Uninitialized data problem in the LZMA compressor used by TokuFT

The LZMA algorithm implemented by the xz compression software package is one of the compression algorithms used by TokuDB for MySQL and TokuMX for MongoDB.  Unfortunately, valgrind's memcheck reports an uninitialized variable problem in the xz software encoder when running applications, including this simple test case.  The problem is benign with respect to correct functionality.  However, the problem is interesting with respect to how the gcc compiler generates code for logical AND operations in C language programs.   The summary of the problem is that valgrind reports a conditional jump using uninitialized data because the xz software encoder did not initialize all of its variables and gcc reordered the evaluation of the operands in a logical AND operator.

The problem in lz_encoder.c line 226 can be reduced to the following code.  The LZMA encoder uses a match finder data structure when compressing data.  When a match finder structure is allocated, the match finder constructor initializes 'mf->buffer' variable but does not initialize 'mf->size' variable.  So, these two variables have the following values after construction.

    mf->buffer = NULL
    mf->size is not initialized so its value is undefined

Later, when the LZMA encoder is used, it sometimes needs to allocate a new 'mf->buffer'.  It first reads the size of the buffer.

    old_size = mf->size

After this, 'old_size' is undefined since 'mf->size' is undefined.  A new size for the buffer is computed using some other values which happen to be initialized.
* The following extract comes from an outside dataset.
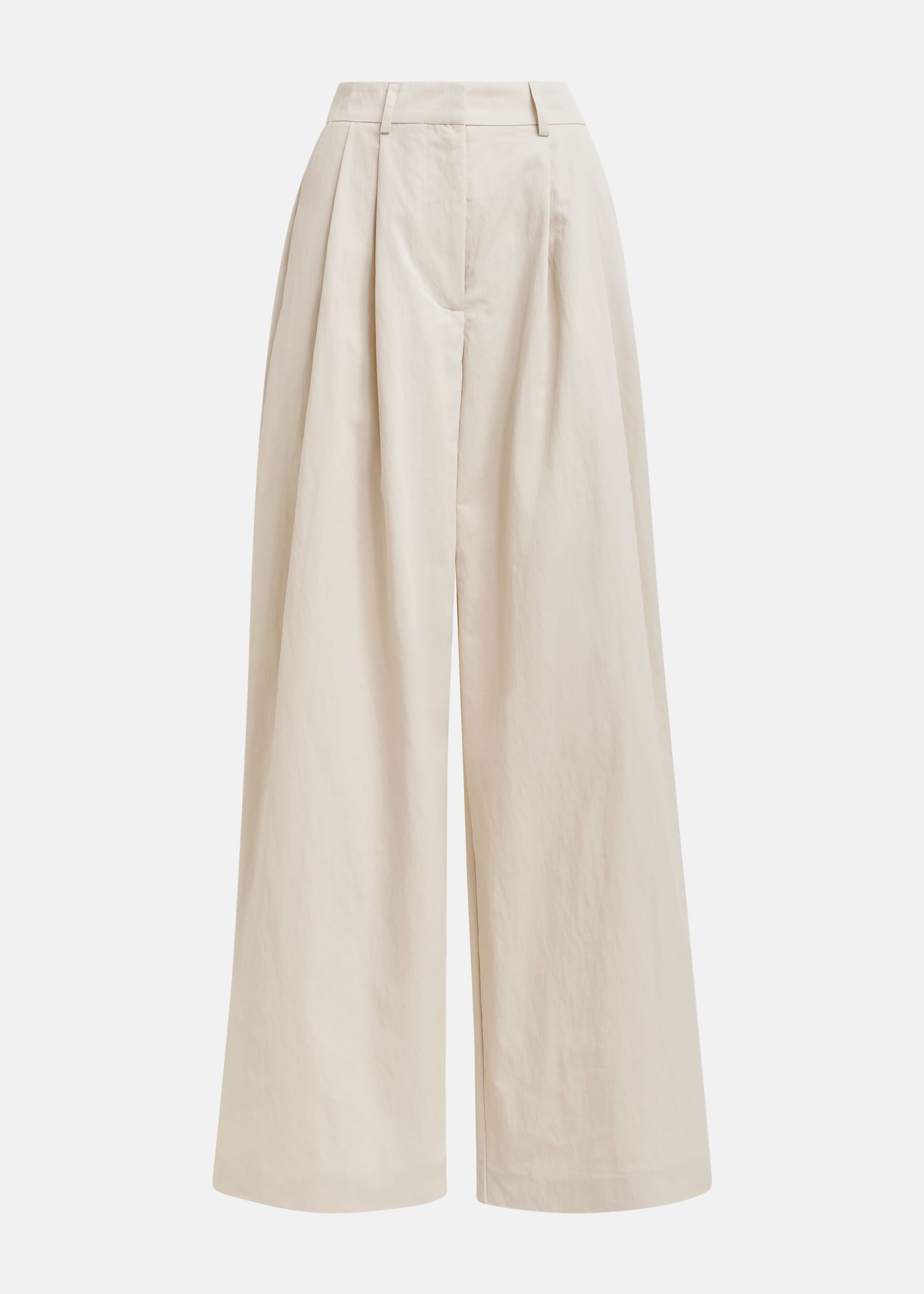 Broek van Essentiel Antwerp in een katoenmix met weldoordachte plooien in de taille die overgaan in soepel vallende brede pijpen. Hij is afgewerkt met twee paspelzakken achteraan, schuine steekzakken vooraan en een rits- en haaksluiting.

    mf->size = compute new size not using the old_size variable

Valgrind's memcheck reports the conditional jump using uninitialized data error when executing the following if statement:

    if (mf->buffer != NULL && old_size != mf->size) {
        do something
    }

The gcc compiler generates code that evaluates the 'old_size != mf->size' expression before the 'mf->buffer != NULL' expression.  This was verified by examining the instructions generated by the compiler.  Since the 'old_size' variable has an undefined value, the result of the comparison is undefined, and memcheck reports it.  Luckily, since 'mf->buffer != NULL' is false, the if statement condition is false regardless of the undefined 'old_size' value.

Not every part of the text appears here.